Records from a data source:
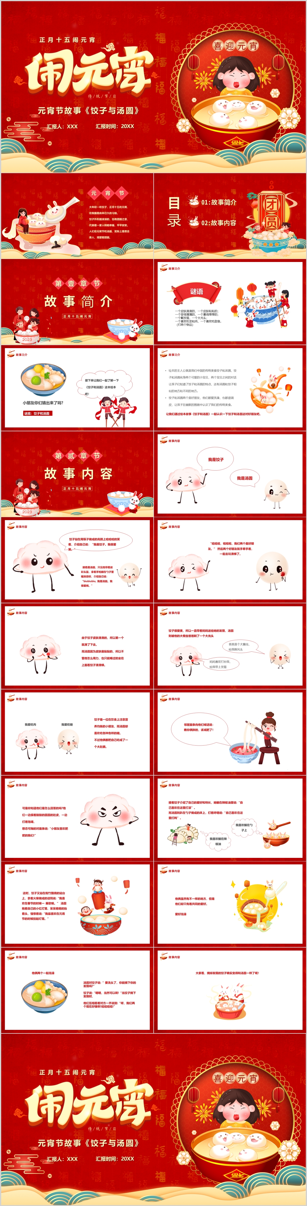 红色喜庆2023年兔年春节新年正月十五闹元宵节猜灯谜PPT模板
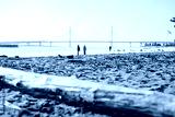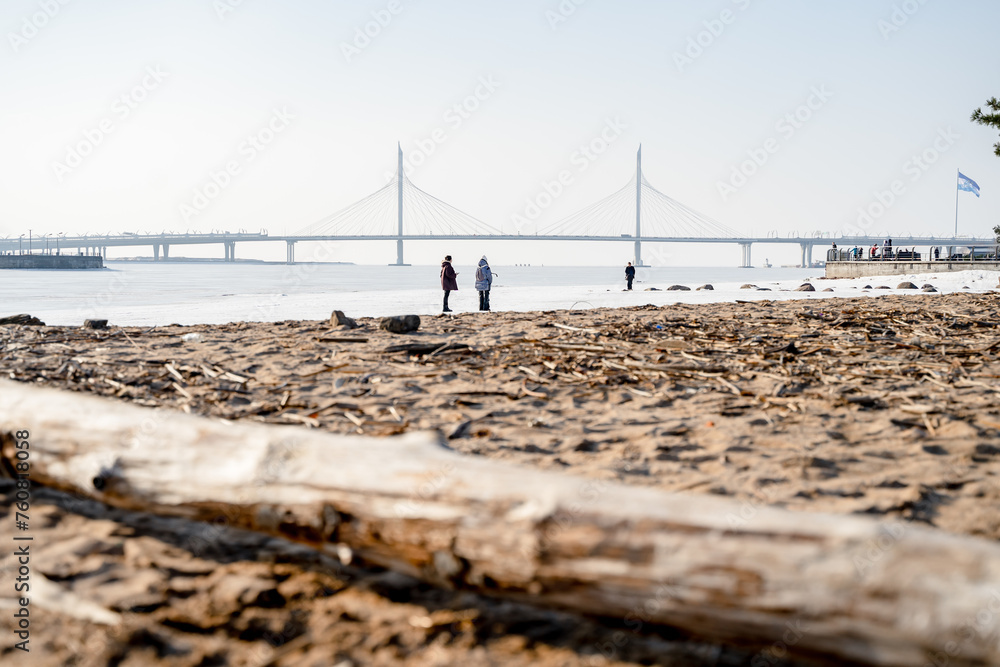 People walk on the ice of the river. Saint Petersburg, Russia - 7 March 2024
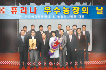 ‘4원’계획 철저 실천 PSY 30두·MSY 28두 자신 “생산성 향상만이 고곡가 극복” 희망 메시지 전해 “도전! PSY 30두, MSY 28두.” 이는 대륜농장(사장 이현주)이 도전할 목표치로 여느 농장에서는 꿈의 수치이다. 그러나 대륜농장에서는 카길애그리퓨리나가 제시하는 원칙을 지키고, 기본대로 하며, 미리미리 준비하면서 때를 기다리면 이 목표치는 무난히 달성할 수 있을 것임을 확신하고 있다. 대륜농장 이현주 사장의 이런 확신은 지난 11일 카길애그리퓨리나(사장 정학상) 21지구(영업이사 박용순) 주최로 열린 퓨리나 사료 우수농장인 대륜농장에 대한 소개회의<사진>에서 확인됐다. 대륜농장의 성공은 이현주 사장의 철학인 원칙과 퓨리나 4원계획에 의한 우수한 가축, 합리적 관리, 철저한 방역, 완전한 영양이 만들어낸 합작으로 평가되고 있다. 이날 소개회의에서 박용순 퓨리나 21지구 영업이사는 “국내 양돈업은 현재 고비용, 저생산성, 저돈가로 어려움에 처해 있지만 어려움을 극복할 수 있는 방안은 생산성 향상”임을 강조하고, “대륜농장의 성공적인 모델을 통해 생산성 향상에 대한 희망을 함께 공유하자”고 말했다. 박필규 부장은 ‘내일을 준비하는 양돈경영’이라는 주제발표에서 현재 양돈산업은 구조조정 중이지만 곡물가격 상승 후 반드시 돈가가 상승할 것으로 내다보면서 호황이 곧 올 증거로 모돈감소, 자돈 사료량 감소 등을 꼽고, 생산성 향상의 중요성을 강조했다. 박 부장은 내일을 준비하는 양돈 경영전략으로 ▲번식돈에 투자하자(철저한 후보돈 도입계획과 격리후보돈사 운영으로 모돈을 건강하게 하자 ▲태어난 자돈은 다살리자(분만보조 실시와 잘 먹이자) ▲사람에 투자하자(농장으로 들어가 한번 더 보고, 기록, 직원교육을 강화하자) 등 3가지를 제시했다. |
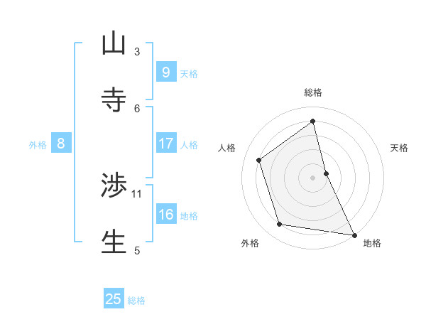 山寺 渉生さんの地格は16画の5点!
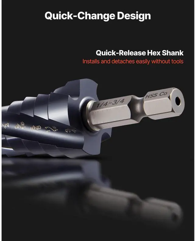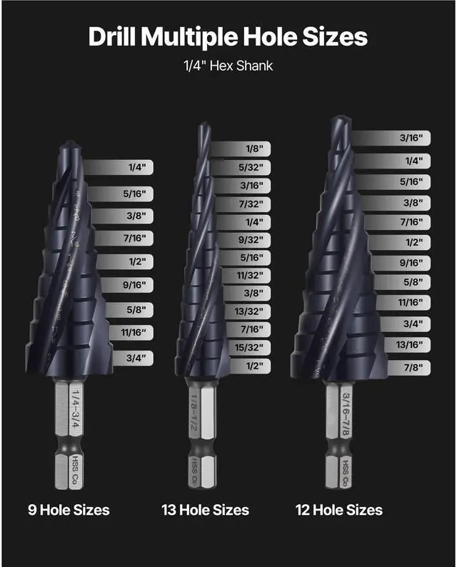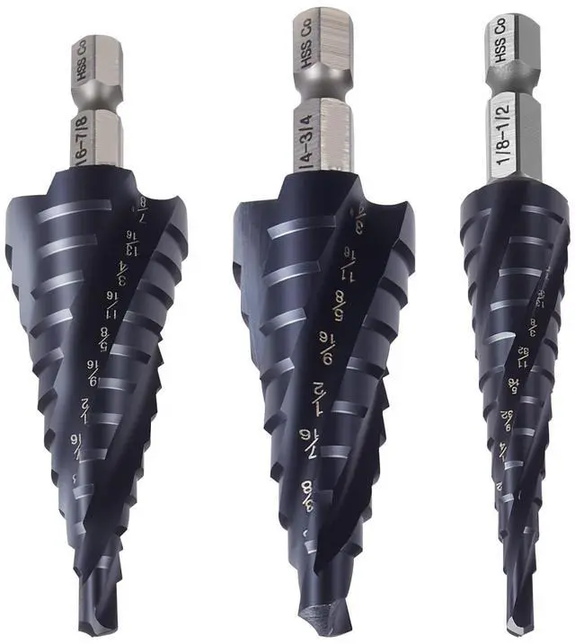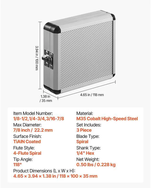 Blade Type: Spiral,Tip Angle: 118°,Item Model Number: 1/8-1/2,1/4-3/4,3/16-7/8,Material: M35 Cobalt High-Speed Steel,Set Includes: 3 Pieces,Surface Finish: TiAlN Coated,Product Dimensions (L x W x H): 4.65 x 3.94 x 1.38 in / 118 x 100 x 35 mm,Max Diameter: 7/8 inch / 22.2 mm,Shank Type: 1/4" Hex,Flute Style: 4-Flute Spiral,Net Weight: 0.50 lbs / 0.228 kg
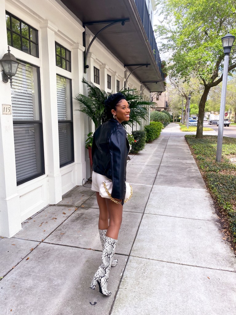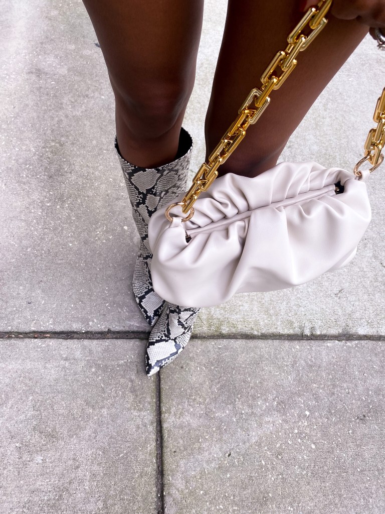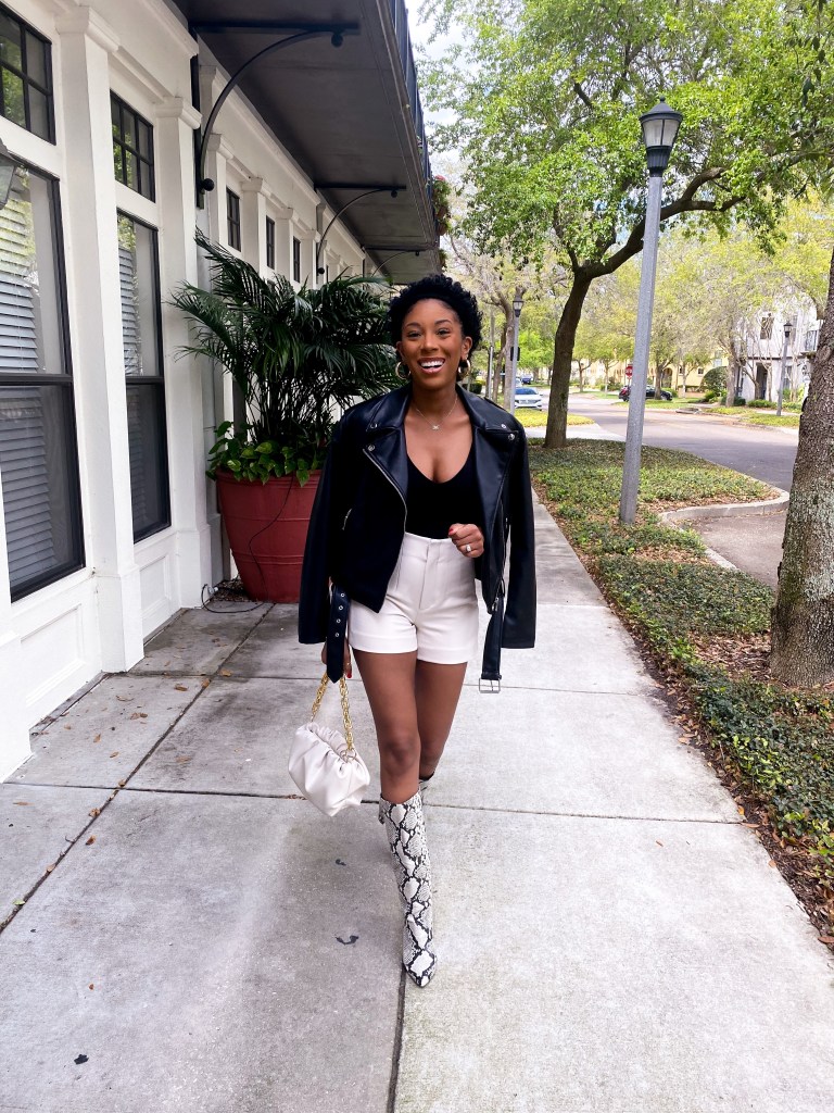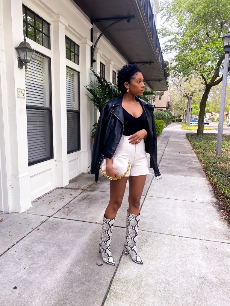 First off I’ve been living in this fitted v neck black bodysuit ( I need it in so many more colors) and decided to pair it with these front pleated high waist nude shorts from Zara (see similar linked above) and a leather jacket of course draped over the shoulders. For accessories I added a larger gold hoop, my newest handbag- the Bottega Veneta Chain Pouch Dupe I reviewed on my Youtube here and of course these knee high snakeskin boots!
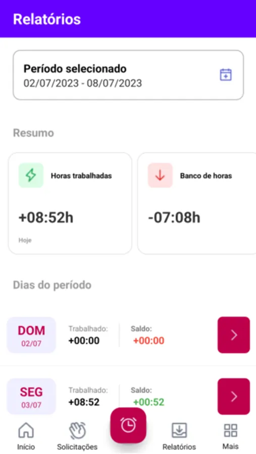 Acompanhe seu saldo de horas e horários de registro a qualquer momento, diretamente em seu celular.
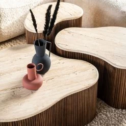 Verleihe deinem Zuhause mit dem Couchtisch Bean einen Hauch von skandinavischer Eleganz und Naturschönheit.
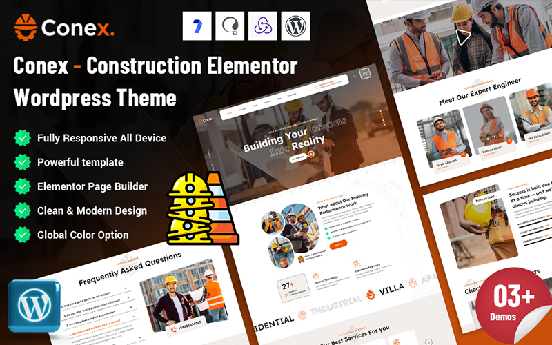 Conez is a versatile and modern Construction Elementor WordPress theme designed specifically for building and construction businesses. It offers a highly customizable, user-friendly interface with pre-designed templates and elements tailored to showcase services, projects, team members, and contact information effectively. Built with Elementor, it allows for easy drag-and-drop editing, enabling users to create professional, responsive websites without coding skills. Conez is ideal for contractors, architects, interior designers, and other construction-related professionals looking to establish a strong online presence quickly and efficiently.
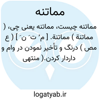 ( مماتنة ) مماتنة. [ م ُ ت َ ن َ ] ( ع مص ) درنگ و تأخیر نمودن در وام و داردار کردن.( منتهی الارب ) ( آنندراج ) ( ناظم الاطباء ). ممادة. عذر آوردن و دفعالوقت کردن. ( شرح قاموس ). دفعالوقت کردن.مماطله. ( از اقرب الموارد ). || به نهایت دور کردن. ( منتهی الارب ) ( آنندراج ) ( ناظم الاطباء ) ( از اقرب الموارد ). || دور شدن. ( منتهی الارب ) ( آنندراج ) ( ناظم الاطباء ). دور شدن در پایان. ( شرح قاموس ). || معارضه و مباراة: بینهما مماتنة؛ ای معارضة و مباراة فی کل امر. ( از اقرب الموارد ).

DESCRIPTION OF THE TASK: Could you output the full set of entries exactly, skipping every picture?

TASK RESPONSE:
 红色喜庆2023年兔年春节新年正月十五闹元宵节猜灯谜PPT模板
 People walk on the ice of the river. Saint Petersburg, Russia - 7 March 2024
 ‘4원’계획 철저 실천 PSY 30두·MSY 28두 자신 “생산성 향상만이 고곡가 극복” 희망 메시지 전해 “도전! PSY 30두, MSY 28두.” 이는 대륜농장(사장 이현주)이 도전할 목표치로 여느 농장에서는 꿈의 수치이다. 그러나 대륜농장에서는 카길애그리퓨리나가 제시하는 원칙을 지키고, 기본대로 하며, 미리미리 준비하면서 때를 기다리면 이 목표치는 무난히 달성할 수 있을 것임을 확신하고 있다. 대륜농장 이현주 사장의 이런 확신은 지난 11일 카길애그리퓨리나(사장 정학상) 21지구(영업이사 박용순) 주최로 열린 퓨리나 사료 우수농장인 대륜농장에 대한 소개회의<사진>에서 확인됐다. 대륜농장의 성공은 이현주 사장의 철학인 원칙과 퓨리나 4원계획에 의한 우수한 가축, 합리적 관리, 철저한 방역, 완전한 영양이 만들어낸 합작으로 평가되고 있다. 이날 소개회의에서 박용순 퓨리나 21지구 영업이사는 “국내 양돈업은 현재 고비용, 저생산성, 저돈가로 어려움에 처해 있지만 어려움을 극복할 수 있는 방안은 생산성 향상”임을 강조하고, “대륜농장의 성공적인 모델을 통해 생산성 향상에 대한 희망을 함께 공유하자”고 말했다. 박필규 부장은 ‘내일을 준비하는 양돈경영’이라는 주제발표에서 현재 양돈산업은 구조조정 중이지만 곡물가격 상승 후 반드시 돈가가 상승할 것으로 내다보면서 호황이 곧 올 증거로 모돈감소, 자돈 사료량 감소 등을 꼽고, 생산성 향상의 중요성을 강조했다. 박 부장은 내일을 준비하는 양돈 경영전략으로 ▲번식돈에 투자하자(철저한 후보돈 도입계획과 격리후보돈사 운영으로 모돈을 건강하게 하자 ▲태어난 자돈은 다살리자(분만보조 실시와 잘 먹이자) ▲사람에 투자하자(농장으로 들어가 한번 더 보고, 기록, 직원교육을 강화하자) 등 3가지를 제시했다. |
 山寺 渉生さんの地格は16画の5点!
 Blade Type: Spiral,Tip Angle: 118°,Item Model Number: 1/8-1/2,1/4-3/4,3/16-7/8,Material: M35 Cobalt High-Speed Steel,Set Includes: 3 Pieces,Surface Finish: TiAlN Coated,Product Dimensions (L x W x H): 4.65 x 3.94 x 1.38 in / 118 x 100 x 35 mm,Max Diameter: 7/8 inch / 22.2 mm,Shank Type: 1/4" Hex,Flute Style: 4-Flute Spiral,Net Weight: 0.50 lbs / 0.228 kg
 First off I’ve been living in this fitted v neck black bodysuit ( I need it in so many more colors) and decided to pair it with these front pleated high waist nude shorts from Zara (see similar linked above) and a leather jacket of course draped over the shoulders. For accessories I added a larger gold hoop, my newest handbag- the Bottega Veneta Chain Pouch Dupe I reviewed on my Youtube here and of course these knee high snakeskin boots!
 Acompanhe seu saldo de horas e horários de registro a qualquer momento, diretamente em seu celular.
 Verleihe deinem Zuhause mit dem Couchtisch Bean einen Hauch von skandinavischer Eleganz und Naturschönheit.
 Conez is a versatile and modern Construction Elementor WordPress theme designed specifically for building and construction businesses. It offers a highly customizable, user-friendly interface with pre-designed templates and elements tailored to showcase services, projects, team members, and contact information effectively. Built with Elementor, it allows for easy drag-and-drop editing, enabling users to create professional, responsive websites without coding skills. Conez is ideal for contractors, architects, interior designers, and other construction-related professionals looking to establish a strong online presence quickly and efficiently.
 ( مماتنة ) مماتنة. [ م ُ ت َ ن َ ] ( ع مص ) درنگ و تأخیر نمودن در وام و داردار کردن.( منتهی الارب ) ( آنندراج ) ( ناظم الاطباء ). ممادة. عذر آوردن و دفعالوقت کردن. ( شرح قاموس ). دفعالوقت کردن.مماطله. ( از اقرب الموارد ). || به نهایت دور کردن. ( منتهی الارب ) ( آنندراج ) ( ناظم الاطباء ) ( از اقرب الموارد ). || دور شدن. ( منتهی الارب ) ( آنندراج ) ( ناظم الاطباء ). دور شدن در پایان. ( شرح قاموس ). || معارضه و مباراة: بینهما مماتنة؛ ای معارضة و مباراة فی کل امر. ( از اقرب الموارد ).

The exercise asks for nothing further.